Renn Reed of Osceola is the Clarke Area Arts Council (CAAC) artist of the month for March and April; her work is currently on display at Lakeside Hotel Casino. Her show includes a variety of photographs and artwork, capturing just some of a long career as an artist and filmmaker.
An artist’s reception will be held from 4 to 6 p.m. Saturday, March 9 in the casino events center lobby.
Art beginnings
Reed grew up in Hollywood, California, and when not in school, spent a lot of her childhood with her maternal grandparents, who worked with and were good friends with several well-known names within the film industry. This nurtured an early love for the arts, and began her earliest forms of drawing.
“Like every kid, I used crayons,” said Reed of her early forays into art.
As she progressed in skill, Reed began working with oils, preferring them to other mediums.
After a move to the San Francisco Bay area, she studied with a lady who did mostly subjects of females, and Reed found she enjoyed using people as subjects for her art over still life.
“I like people - I think everyone has a story,” said Reed .
She branched out to landscapes, finding a passion for nature and animals, and taking time to put thought into each piece she created.
Reed began selling her artwork at age 10, won a competition in high school through a local art museum, and studied art in college, where she went straight to creating portraits for her art class. She also formed her first company, Rennditions, at age 16.
Reed has had art shows all over the world, including art on display at the Oakland Museum of Art in California, and internationally in El Salvador, Guatemala, parts of Mexico, and a European tour in 2000-01 that included a display in Barcelona, Spain. Her shows feature a mix of artwork and photography, the latter of which she said she’d always been involved in, with her maternal grandfather having been a photographer with the army during World War I; Reed and her husband, Mark Barth, still have her grandfather’s portable enlarger.
Work in one creative field for Reed soon led into another - independent film making.
Film making
“It was a very logical thing for us to gravitate into film making, given our backgrounds and our creative journeys,” said Reed of she and her husband’s film making venture, which comes from their work in the film making industry.
As a child, Reed was an extra in the Hitchcock film “The Birds,” and Barth has also worked in film and television. Both appeared in the 2007 film “National Treasure: Book of Secrets,” with Reed originally slated to have a speaking role that had to be cut due to time constraints.

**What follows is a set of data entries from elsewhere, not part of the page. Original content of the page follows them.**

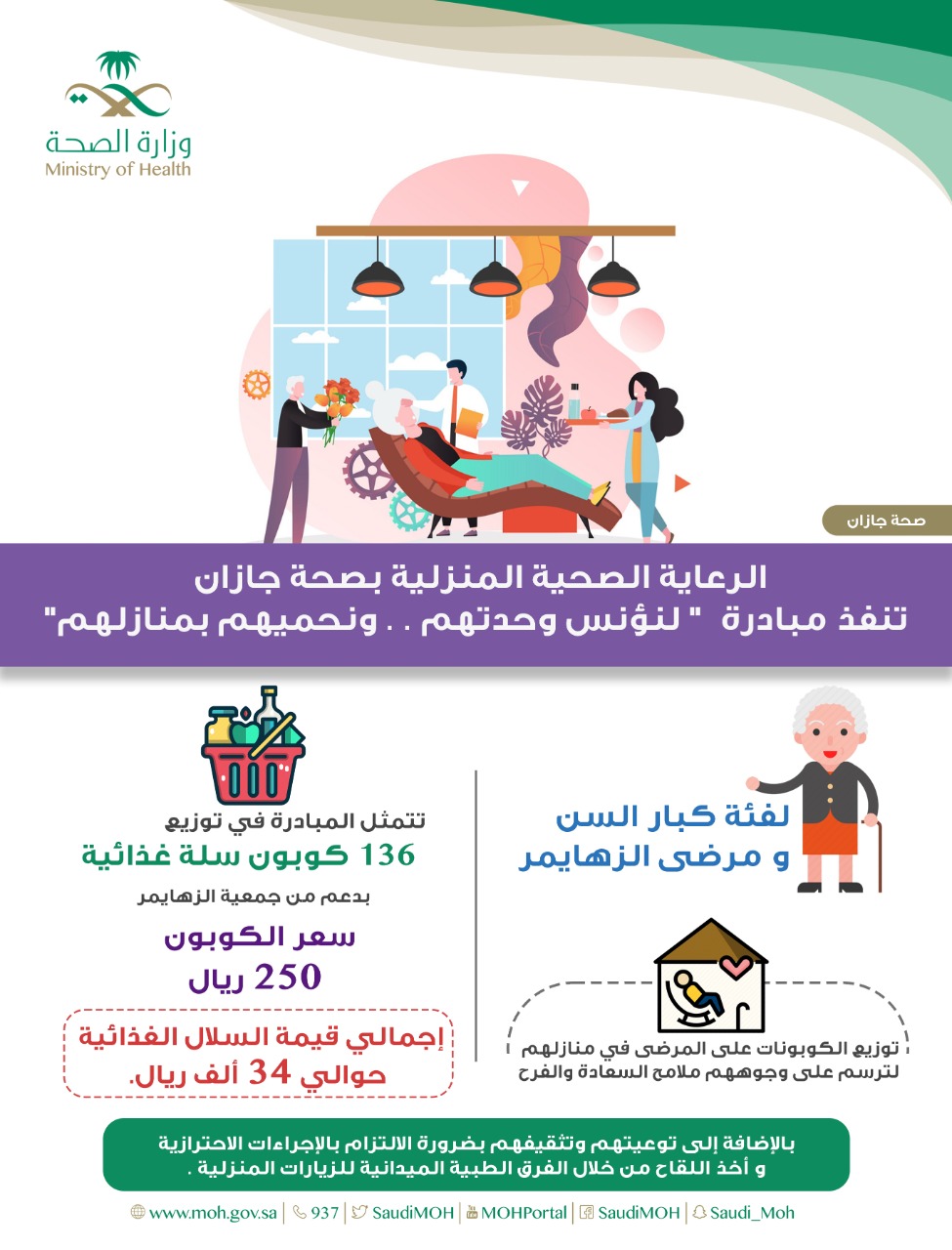 بدعم من جمعية الزهايمر نفذت صحة جازان ممثلة بإدارة الرعاية الصحية المنزلية مبادرة “لنؤنس وحدتهم.. ونحميهم بمنازلهم” لفئة كبار السن ومرضى الزهايمر، وتتمثل المبادرة في توزيع 136 كوبون سلة غذائية سعر الكوبون 250 ريال، وبلغ إجمالي قيمة السلال الغذائية حوالي 34 ألف ريال.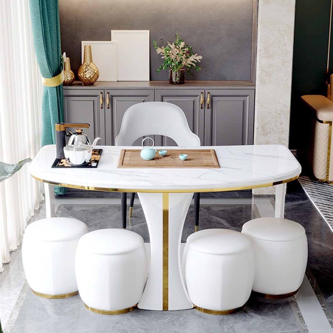 这款欧式茶桌打破陈规,让茶台和都市年轻人相容,简约和极具个性的 外观,可收纳小圆凳子让空间更简洁,稳固的实木结构,大理石的高价值感,再配上大品牌金灶茶炉,年轻人非常喜爱。 白色窗帘,享受阳光洒落在茶桌...展开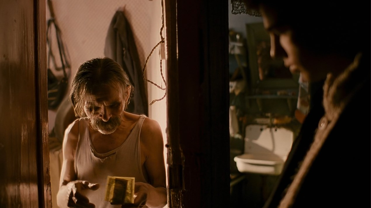 — Хе... Деньги наперёд давай!... [Данила отсчитывает доллары] Доллáри...

Currently, the couple are working on a reboot of their movie franchise, “Lost Angels,” that will have five parts when completed - “The Discovery,” “United,” ‘Uncharted Territory” and “The Alliance” - with the fifth one going through what is called “treatment,” which is a synopsis of a film or project.
“Lost Angles [The Discovery]” was shot in 2001 in South Dakota, and Reed and Barth are now working on upgrading the footage; part of the second film were filmed around Woodburn. The trailer for “Lost Angles [The Discovery]” can be found at liquidiceent.com. The films are described as action-adventure-drama-scifi.
Due to her work in the film making industry, Reed was invited to form a school of film making in South Dakota, however, that opportunity did not come to fruition.
With Reed’s background, it makes her one of the more unique artists to be featured as the CAAC’s artist of the month.
“She’s different from most of the artists we’ve had, because of her background and because she’s worked on movies and been in the industry. [She’s] done shows all over,,” said Mary Ellen Kimball of the CAAC.
In addition to art and films, Reed has also worked as a designer in Taiwan, as an interpreter, government negotiator and consultant in China, and as a freelancer for the Associated Press. She and Barth moved to Osceola when his job as an Assets Protection manger for Walmart, a position taken after they’ve moved to South Dakota to care for his mother, transferred him to Creston and Indianola. Prior to Osceola, they lived in Creston.
Display
Reed’s display at Lakeside Hotel Casino features a variety of photos with most taken in Iowa in and around Clarke County. There are also some from Lucas and Union counties, as well as South Dakota and China. She has titled the exhibit “Lake Moods - Sunset stories.”
All of the photos are spontaneous, not staged. There are many that feature wildlife, and several of Osceola’s Grade Lake both during the day and at sunset. Grade Lake is of particular interest to Reed, as she finds the lake is not ordinary, and wants to illustrate that.
All are welcome to attend her artist reception. Reed will be on hand to talk with, there will be a craft station for children, and a print of an original work will be given to one lucky winner who attends.
“I want people to feel welcome,” said Reed, who is excited for her first show since her European tour.